But I will consider the period from 2019 to 2021, because, as we have already found out, most respondents have a salary of up to 5k per year, and in the 2018 survey, respondents chose salaries with too large scale (for example 0-10k), so it would be more correct to consider surveys where more correct salaries are indicated.

In [None]:
sal21d = {'25,000-29,999': 27500,
          '60,000-69,999': 65000,
          '$0-999': 500,
          '30,000-39,999': 35000,
          '15,000-19,999': 17500,
          '70,000-79,999': 75000,
          '2,000-2,999': 2500,
          '10,000-14,999': 12500,
          '5,000-7,499': 6250,
          '20,000-24,999': 22500,
          '1,000-1,999': 1500,
          '100,000-124,999': 112500,
          '7,500-9,999': 8750,
          '4,000-4,999': 4500,
          '40,000-49,999': 45000,
          '50,000-59,999': 55000,
          '3,000-3,999': 3500,
          '300,000-499,999': 400000,
          '200,000-249,999': 225000,
          '125,000-149,999': 137500,
          '250,000-299,999': 275000,
          '80,000-89,999': 85000,
          '90,000-99,999': 95000,
          '150,000-199,999': 175000,
          '>$1,000,000': 1000000,
          '$500,000-999,999': 750000}

sur2021['salary'] = sur2021['Q25'].map(sal21d)

sal19d = {'30,000-39,999': 35000,
          '5,000-7,499': 6250,
          '250,000-299,999': 275000,
          '4,000-4,999': 45000,
          '60,000-69,999': 65000,
          '10,000-14,999': 12500,
          '80,000-89,999': 85000,
          '$0-999': 500,
          '2,000-2,999': 2500,
          '70,000-79,999': 75000,
          '90,000-99,999': 95000,
          '125,000-149,999': 137500,
          '40,000-49,999': 45000,
          '20,000-24,999': 22500,
          '15,000-19,999': 17500,
          '100,000-124,999': 112500,
          '7,500-9,999': 8750,
          '150,000-199,999': 175000,
          '25,000-29,999': 27500,
          '3,000-3,999': 3500,
          '1,000-1,999': 1500,
          '200,000-249,999': 225000,
          '50,000-59,999': 55000,
          '> $500,000': 500000,
          '300,000-500,000': 400000}

sur2019['salary'] = sur2019['Q10'].map(sal19d)

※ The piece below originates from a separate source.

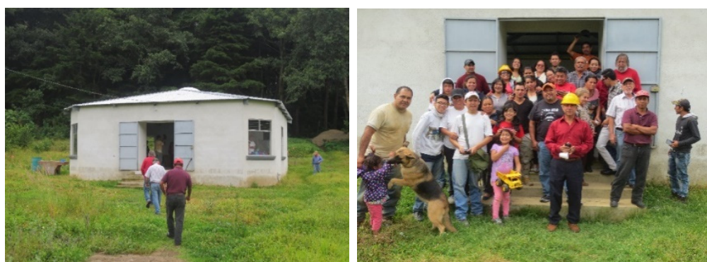
Figure 7. Community center and members of Domus Magistri, a housing cooperative, Guatemala.

The cooperative Domus Magistri in Santiago, outside Guatemala City, began working together in 2006. The founding members were mainly teachers. In 2016, only one of the founders was still in the cooperative. In 2008, the cooperative received the status of a legal person. All members of the cooperative worked in Guatemala City and in 2016, they had to continue living there because they had not yet built their houses. However, the cooperative already had ownership over the land, and built its CTC to host workshops and to store building materials (see Figure 7). It also has made an urban design and designs for the individual houses. The situation in Guatemala in 2016 revealed difficulties in obtaining state subsidies for the housing project.

ms19 = sur2019.groupby(["Q4", "Q5"]).agg({'salary': 'mean'}).reset_index()
ms19 = ms19[ms19['Q5'].isin(jobs)].query("Q4 != 'Other'")

ms21 = sur2021.groupby(["Q4", "Q5"]).agg({'salary': 'mean'}).reset_index()
ms21 = ms21[ms21['Q5'].isin(jobs)].query("Q4 != 'Other'")

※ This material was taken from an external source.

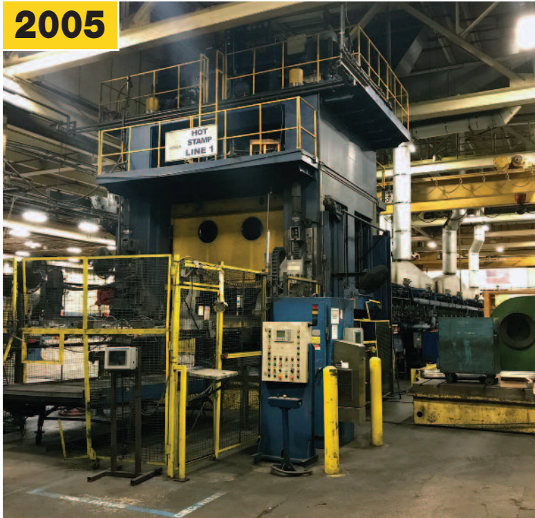
ISGEC Hydraulic & Hot Stamping Press

ms21_2 = sur2021.groupby(["Q5"]).agg({'salary': 'mean'}).reset_index()

ms19_21 = sur2019.groupby(["Q5"]).agg({'salary': 'mean'}).reset_index()
ms19_21 = ms19_21[ms19_21['Q5'].isin(jobs)]
ms19_21 = ms19_21.merge(ms21_2, how = 'left', left_on = 'Q5', right_on = 'Q5').rename(columns={'salary_x': '2019', 'salary_y': '2021'})
ms19_21['dynamics'] = round((100 - (ms19_21['2021'] / ms19_21['2019']) * 100), 1)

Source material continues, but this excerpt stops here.